How would you translate this? The future after hindi pa throws me. My guess is: I'm not going to be able to cook the food. Text take from a textbook, no context.
Thanks!!


----------



## DotterKat

It is the *pa* adverb that is throwing you off. Drop the _pa_ and see how straightforward the translation becomes:

Hindi ako makakapagluto ng pagkain. I am not going to able to cook food OR I won't be able to cook food.

Now, put the _pa_ adverb back and you add the nuance of not being able to cook _just yet_, or at least not in the near future. In this context, pa is used as an adverb that best translates to* yet*.

Hindi pa ako makakapagluto ng pagkain.  I _will not yet be able_ to cook food.
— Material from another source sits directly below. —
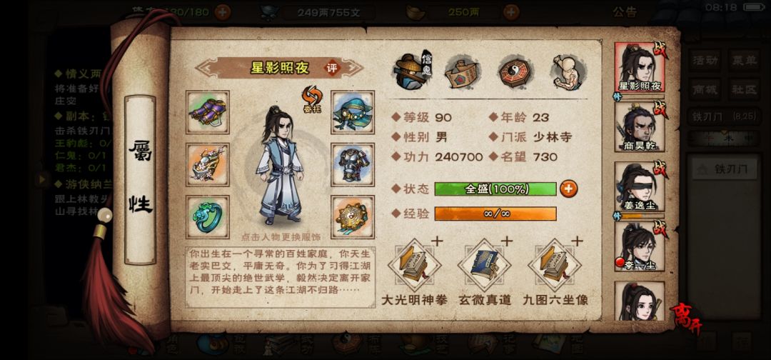 现在人在少林,水上漂已经学完了,其他都还没搞,很快,,,等我把药浴菩提子装备和其他两门镇派搞定就一给路打油跑回太乙享受至尊体验喽……………

See the difference? Without the pa (yet) adverb, you are essentially saying that there is no way that you will be able to cook -- the stove is broken or you have a splitting headache. With the pa (yet) adverb, you are saying that there are temporary circumstances preventing you from cooking, but if and when those conditions change, you _will be able to cook in the near future._ It may be that you lack the proper ingredients or are currently engaged in a phone conversation so you are _not yet able to cook_, but once you purchase the ingredients or hang up the phone, you _will be able to cook_.


----------



## turkjey5

great, thanks!!


----------